Plants synthesize an amazing diversity of secondary metabolites, which have been selected throughout their evolutionary history as a response to specific needs[1][2]. Secondary metabolites are distinguished from primary metabolites (such as nucleic acids, amino acids, carbohydrates, etc.) in that they are specialized metabolites which have a wide range of functions, mediating interaction with both biotic and abiotic environments[3][4]. Volatile organic compounds (VOCs) are one of the most important secondary metabolites produced by plants. These lipophilic compounds have a low molecular weight and high vapor pressures at ambient temperature.
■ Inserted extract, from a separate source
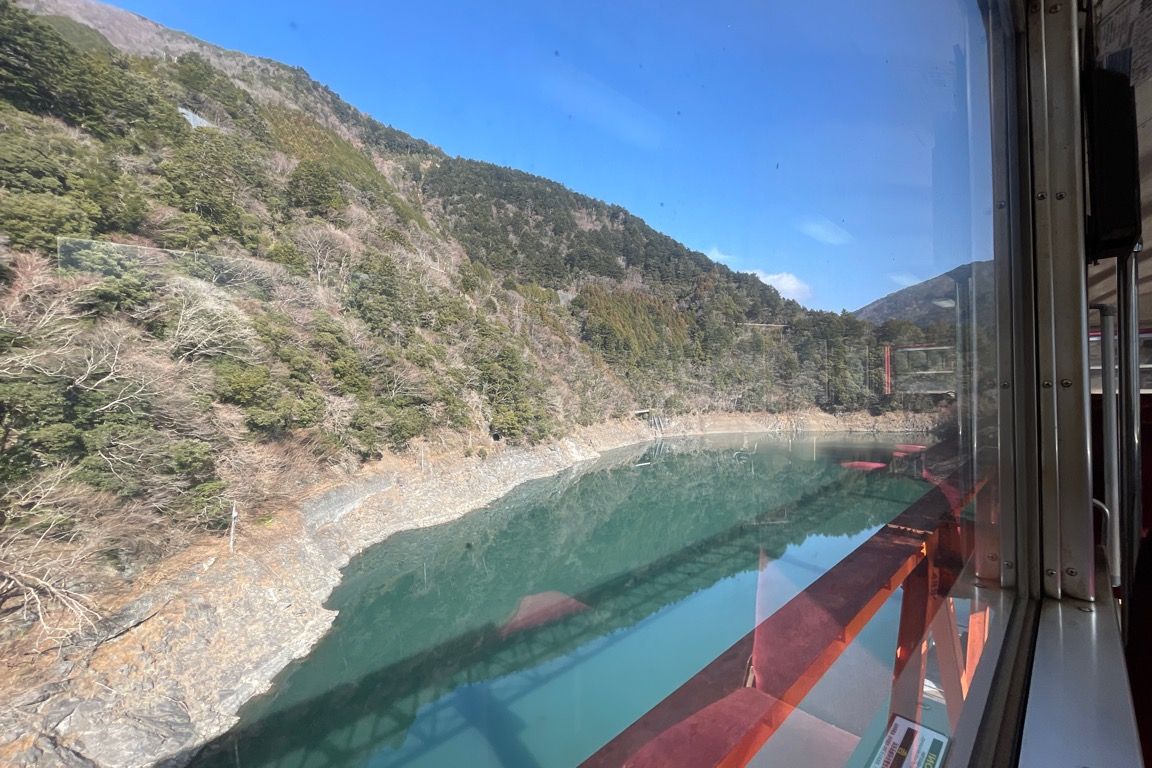 接岨湖を車窓に観光地として有名な奥大井湖上へ

More than 1700 VOCs have been identified in different species from both angiosperms and gymnosperms, including a total of 90 families and 38 orders[5]. They are fundamentally released from flowers, but also fruits, leaves, stems and even roots[6].

2. Role of VOCs

VOCs define the chemical landscape of numerous ecosystems by taking part in intra- and interspecific interactions [7][8][9], being highly context dependent, and functioning in direct and indirect ways from the landscape to the intrafloral scale[10]. Plant VOCs have effects on plant–pollinator, plant–herbivore, plant–plant and other interactions and, consequently, on fitness[11]. Among all these functions, the most important and understood one is the attraction of pollinators, ensuring the plant’s reproductive success[9][12]. Floral scent promotes plant–pollinator specialization, as well as outcrossing and reproductive isolation through floral constancy[10][13]. Thus, such a sexual signal is subject to high selective pressure, being fundamental for plants’ evolution and adaptation to the environment [11].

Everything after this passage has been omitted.